KayNan considered it for a bit. Nigel was young. Immature. Looked about nineteen. He’d been changed after an automobile accident that should’ve killed him, and would’ve if Akron hadn’t stepped in. As the heir to the Hunter organization, it was totally against type. And completely unappreciated. The Beethan Clan blamed the Vampire Assassin League for Nigel’s un-death and subsequent betrayal. Especially at such a young age. Unfortunately, Nigel hadn’t seemed to have gained any insight or maturity since then.

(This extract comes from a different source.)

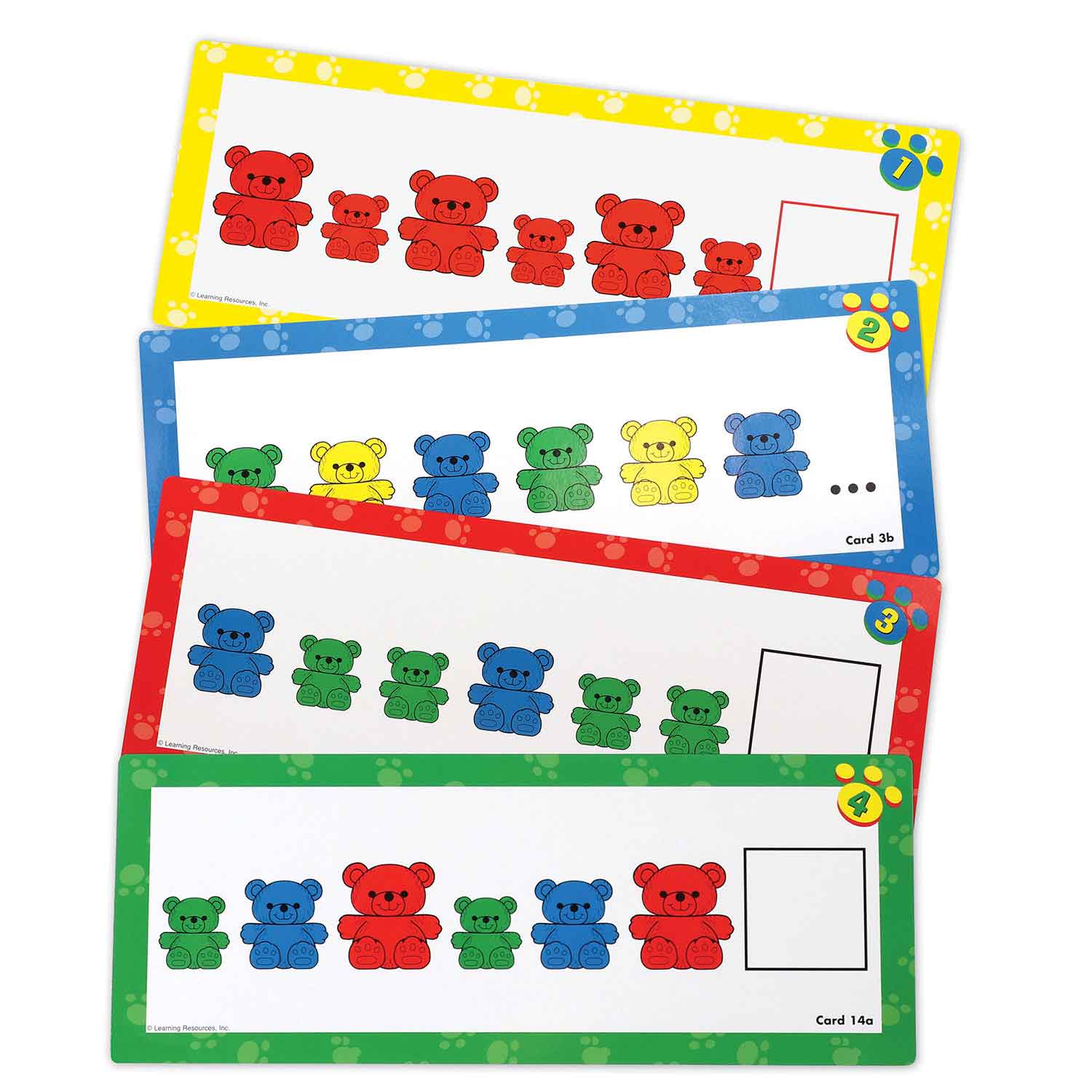 - Includes 96 Three Bear Family® counters in six colors, six sorting bowls, 2" color cube, number cube, 16 pattern cards, 12 double-sided activity cards and bear game spinner

Then again…this curse was so new, maybe Nigel could help.
“He can stay,” KayNan replied.
“Cool,” Nigel replied.
“So…what can we do for you today?” Akron asked.
“I’ve got trouble.”
“Can I ask something before we get started?” Nigel asked.
“Sure.”
“Why don’t you use that immense rock shower of yours up there? I mean, it’s the coolest thing I’ve ever seen, and you never even turn it on. Or invite me up. What a place for a party.”
“Nigel—”
“No. Wait.” KayNan stopped Akron. “What’s a party?”
“You know. A bunch of guys. A lot of women. Some ripe blood. Some great tunes. Some nakedness. Some water sports…you know. Like your shower. Or that awesome sunken hot tub. I think that could hold eight before anyone even gets cold.”
“Cold?”
The weirdness moved into his chest. KayNan locked his muscles to fight the dim sound of what couldn’t possibly be a heartbeat. He didn’t have a heart. And if he did, it was as dead and unfeeling as the rest of him. Or…as the rest of him should be.